Authors: Friedman BW et al.
JAMA 2015 Oct 20.
Neither cyclobenzaprine nor opioids are helpful as adjuncts to naproxen therapy for low back pain.
Cyclobenzaprine (Flexeril) is a tricyclic antidepressant that is viewed as having “muscle relaxant” properties, even though it has no effect on motor neurons or skeletal muscle. Opioids act at the mu receptor to decrease pain but are associated with addiction and death from overdose. Evidence for benefit of adding these agents to nonsteroidal anti-inflammatory therapy for acute low back pain would be generously described as limited, at best (NEJM JW Gen Med Jul 15 2003 and Ann Emerg Med 2003; 41:818; NEJM JW Emerg Med Mar 2010 and CJEM 2010; 12:30).
Investigators at a single academic emergency department randomized 323 patients with acute nontraumatic, nonradicular low back pain to receive a 10-day course of naproxen (500 mg twice daily) plus one of three regimens: placebo, cyclobenzaprine (5 or 10 mg every 8 hours), or oxycodone (5 or 10 mg every 8 hours) and acetaminophen (325 or 650 mg every 8 hours). After 1 week, improvement in scores on the Roland-Morris Disability Questionnaire (the primary outcome) was similar in all three groups. However, 31% of all patients still reported significant pain.

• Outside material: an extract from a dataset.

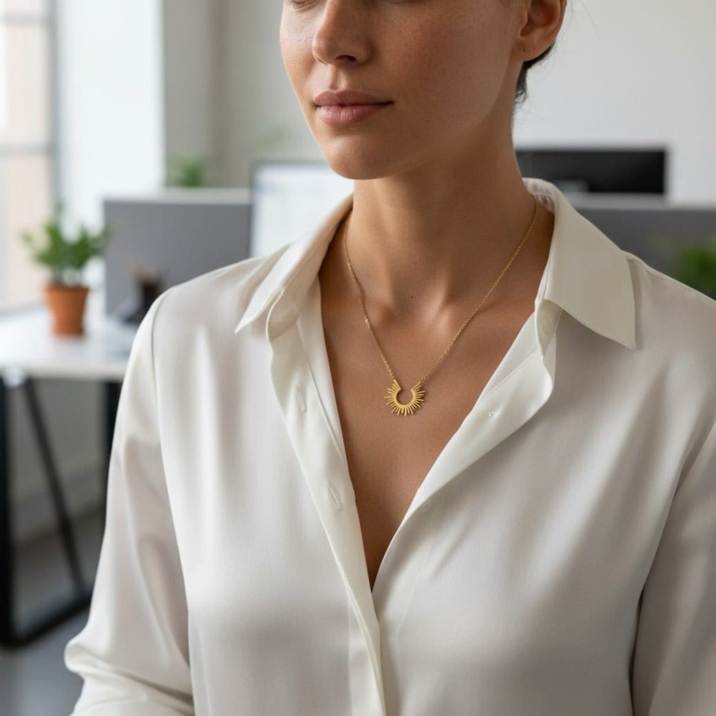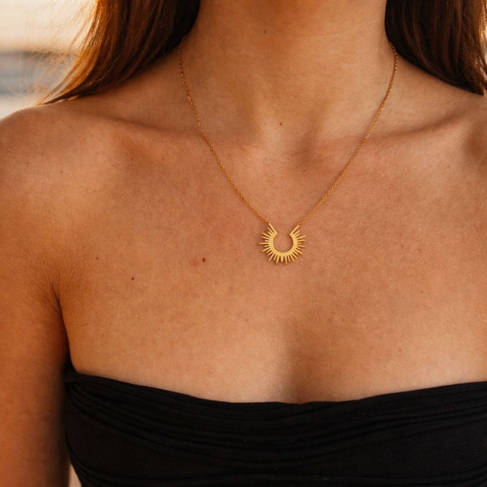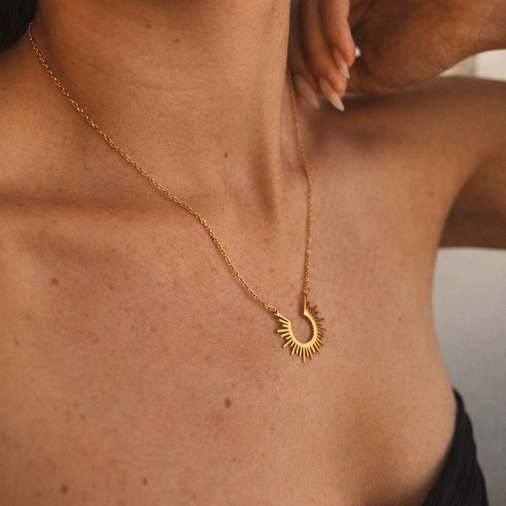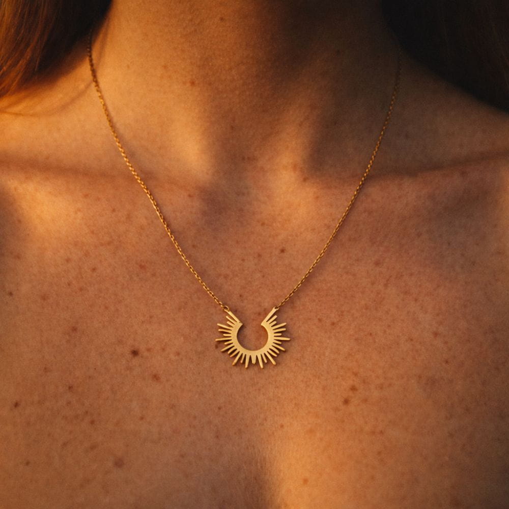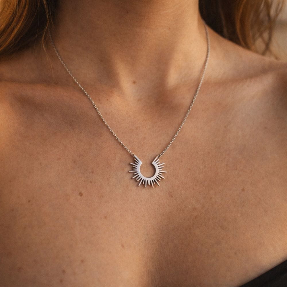 Soleya to symbol światła zamknięty w prostej, nowoczesnej formie. Otwarty motyw słońca z promieniami tworzy wyraźny, ale lekki akcent przy szyi. To biżuteria, która przyciąga spojrzenie, nie tracąc subtelności.

Back pain is vexing for providers and patients alike. Opioids and so-called muscle relaxants appear to add little to nonsteroidal anti-inflammatory medications. Cyclobenzaprine has sedative and anticholinergic side effects, and prescribing opioids for a condition that evidence-based consensus guidelines warn against can lead to abuse and addiction.